The summit also unveiled the Content India Trends Report, whose findings made for bracing reading. Daoud Jackson, senior analyst at OMDIA, set the tone: “By 2030, online video in India will nearly double the revenue of traditional TV, becoming the main driver of growth.” He noted that in 2025, India produced a quarter of all YouTube videos globally, overtaking the United States, while Indians collectively spend 117 years daily on YouTube and 72 years on Instagram. Traditional subscription TV is declining as free TV and connected TV gain ground, forcing broadcasters to innovate. “AI-generated content is just 2 per cent of engagement,” Jackson added, “highlighting the dominance of high-quality human content. The key for Indian media companies is scaling while monetising effectively from day one.”

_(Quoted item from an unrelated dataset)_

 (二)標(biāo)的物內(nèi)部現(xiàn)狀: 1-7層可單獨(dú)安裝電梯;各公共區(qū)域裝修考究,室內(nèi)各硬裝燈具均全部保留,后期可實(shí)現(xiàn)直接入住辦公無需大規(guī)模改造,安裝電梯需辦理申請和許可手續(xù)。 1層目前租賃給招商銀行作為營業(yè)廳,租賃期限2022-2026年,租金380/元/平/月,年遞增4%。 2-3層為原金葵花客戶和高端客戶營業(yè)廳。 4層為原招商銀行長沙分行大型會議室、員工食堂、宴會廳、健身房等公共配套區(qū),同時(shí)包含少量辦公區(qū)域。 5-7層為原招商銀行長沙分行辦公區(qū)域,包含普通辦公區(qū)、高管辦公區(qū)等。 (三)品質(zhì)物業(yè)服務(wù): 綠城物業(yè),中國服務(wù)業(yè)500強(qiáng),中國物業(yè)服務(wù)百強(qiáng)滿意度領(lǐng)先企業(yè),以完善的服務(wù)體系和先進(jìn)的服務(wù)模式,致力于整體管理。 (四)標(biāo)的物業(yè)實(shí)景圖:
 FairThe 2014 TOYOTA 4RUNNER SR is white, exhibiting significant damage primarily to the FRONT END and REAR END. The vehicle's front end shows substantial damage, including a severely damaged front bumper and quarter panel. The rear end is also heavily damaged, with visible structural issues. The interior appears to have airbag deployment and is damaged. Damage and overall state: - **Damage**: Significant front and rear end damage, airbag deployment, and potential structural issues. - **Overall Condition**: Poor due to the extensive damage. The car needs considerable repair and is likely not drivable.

Hannah Walsh, principal analyst at Ampere Analysis, added hard numbers to the picture. India produced over 24,000 titles in January 2026 alone, with 19,000 available internationally. The country now accounts for 12 per cent of Asia-Pacific content spend, up from 8 per cent in 2021, outpacing both Japan and China. Key exporters include JioStar, Zee Entertainment, Sony India, Amazon and Netflix, delivering over 7,500 Indian-produced titles abroad each year. The top importing markets are Saudi Arabia, the UAE, Egypt, the United States and the Philippines. Scripted content dominates globally at 88 per cent, with crime dramas and children’s and family titles performing particularly strongly.

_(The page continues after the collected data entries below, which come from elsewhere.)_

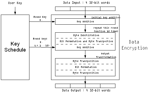 Рисунок 1.9 Расширение ключа и выбор циклового ключа для Nb=6 и Nk=4. Алгоритм выработки ключей можно осуществлять и без использования массива W[Nb*(Nr+1)]. Для реализаций, в которых существенно требование к занимаемой памяти, цикловые ключи могут вычисляться на лету посредством использования буфера из Nk слов. Шифр Rijndael состоит из: - Начального добавления циклового ключа; - Nr-1 циклов; - заключительного цикла. На псевдо-Си это выглядит следующим образом: Rijndael (State, CipherKey) { KeyExpansion(CipherKey, ExpandedKey); // Расширениеключа AddRoundKey(State, ExpandedKey); // Добавлениецикловогоключа For ( i=1 ; i<Nr ; i++) Round(State,ExpandedKey+Nb*i); // циклы FinalRound(State, ExpandedKey+Nb*Nr); // заключительныйцикл } Если предварительно выполнена процедура расширения ключа, то Rijndael будет выглядеть следующим образом: Rijndael (State, CipherKey) { AddRoundKey(State, ExpandedKey); For ( i=1 ; i<Nr ; i++) Round(State,ExpandedKey+Nb*i); FinalRound(State, ExpandedKey+Nb*Nr); } Расширенный ключ должен всегда получаться из ключа шифрования и никогда не указывается напрямую. Нет никаких ограничений на выбор ключа шифрования. 1.2.2 Анализ симметричного блочного шифра DEAL DEAL (DataEncryptionAlgorithmwithLargerblocks - Алгоритм Шифрования Данных с Укрупненными блоками) является 128-и битным блочным шифром с размерами ключа 128, 192 и 256 бит, что далее здесь будет обозначаться DEAL-128, DEAL-192 и DEAL-256 соответственно [12]. Все версии могут использоваться в любом из четырех стандартных режимах DES'a. Мы начнем с описания работы DEAL в режиме ECB. Пусть С = ЕВ (А) означает зашифрованное DES значение 64-х битного А на ключе В, и пусть Y = EAZ (X) означает зашифрование DEAL 128-и битного X на ключе Z. Открытый текст Р разделяется на блоки Pi по 128 бит каждый, P = P1 , P2 , …, Рn . Расписание ключей принимает ключ К и возвращает r ключей DESRKi , где i = 1, … , r, как описано ниже. Обозначим XL и XR левую и правую части X соответственно. Шифр-текст вычисляется следующим образом. Положим X0 L = Pi L , X0 R = Рi R и вычислим для j= 1, … ,r Xj L =ERKj (XL j -1 ) XR j -1 (1.9) XR j = XL j -1 (1.10)
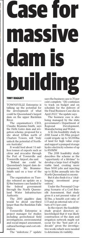 After three years of work, Townsville Enterprise delivered the final Business Case for Hells Gates Dam in May 2022. The detailed Business Case brought together detailed technical studies, market testing, economic feasibility, and cultural and social impacts. It demonstrated the project’s viability delivering a Benefit Cost Ratio of 1.05, a potential economic contribution of $6B and 3,300 new jobs. Securing additional large-scale water infrastructure will be one of the single biggest enablers for our region. Townsville Enterprise’s advocacy on the project saw the Morrison Federal Government announce a $5.4B funding package to build the nationally significant Hells Gates Dam Project, with commitment out past the current estimates. A change of Government
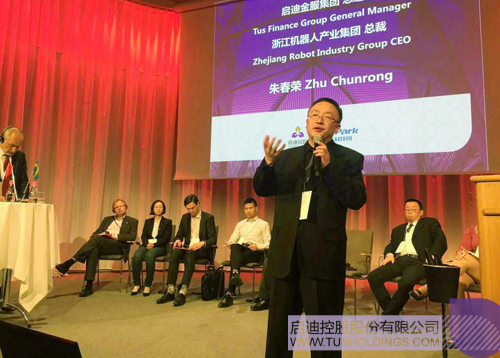 ▲ 啟迪金服總經理、浙江機器人產業集團總經理朱春榮在瑞典諾貝爾頒獎大廳演講
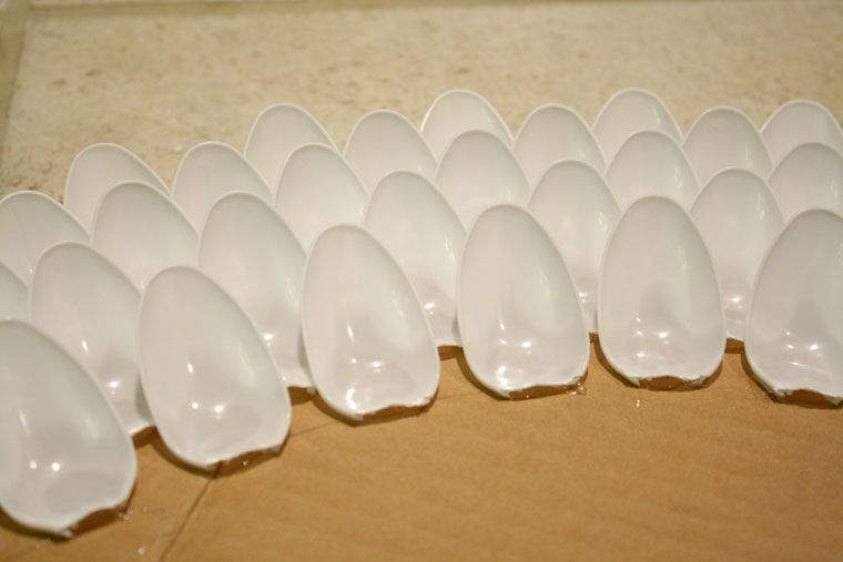 Taiati manerele lingurilelor cu ajutorul foarfecii;
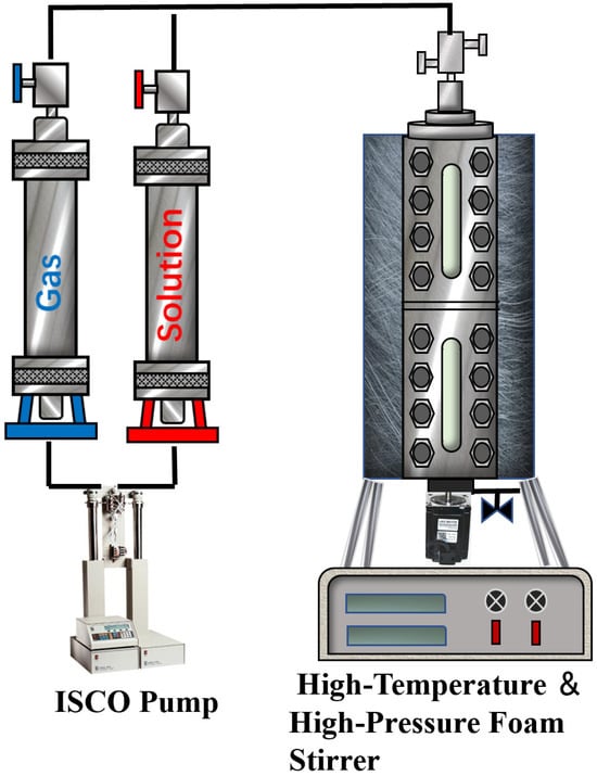 The high-temperature and high-pressure foam meter is a pressure-resistant vessel equipped with a viewing window and graduated scale. At the start of each experiment, 100 mL of prepared foaming solution is added to the foam meter. After evacuating the stirrer, the prepared gas is injected, and the temperature and pressure of the high-temperature, high-pressure chamber are adjusted. Considering the significant difference in solubility between CO2 and N2 in the solution, to minimize the impact of mass transfer in a non-equilibrium state on the experimental results, the gas and solution are stirred at a low speed for more than 0.5 h until the temperature and pressure stabilize, forming a balanced fluid. Subsequently, the balanced fluid is stirred at a high speed of 1000 r/min for 10 min. The foam volume (V) is obtained through the viewing window, and the time required for the foam volume to reduce by half (T1/2) is recorded to evaluate foam stability. Each set of samples is measured three times, and the average value of the experimental data is taken. The experimental procedure is shown in Figure 1.
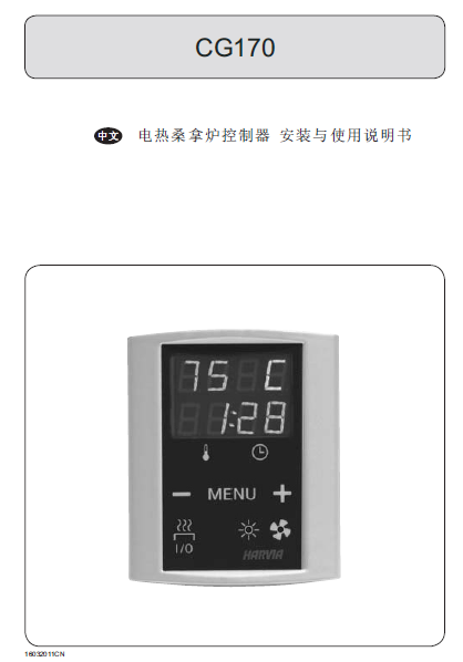 HARVIA 觸摸按鍵式電熱桑拿爐控制器CG170,本產(chǎn)品是特意為控制電熱桑拿爐而設(shè)計,嚴禁使用在其它用途上。注意! 請在使用電熱桑拿爐前小心閱讀說明書。 祝賀您 明智的選擇! 目錄

Manoj Dobhal, chief executive and executive director of Dish TV India, framed the summit’s ambition squarely. “Stories don’t need translation. They need a platform, discovery, and reach, local or global,” he said. “India produces more movies than any country, our streaming platforms compete globally, and our tech and creators win international awards. Yet fragmentation slows growth. Producers, platforms, and tech move in different lanes. We need shared spaces, collaboration, and an ecosystem where ideas, technology, and people meet. That is why we built Content India.”
The data, the pitches and the prize money all pointed to the same conclusion: India is not waiting for the world to discover its stories. It is building the infrastructure to sell them.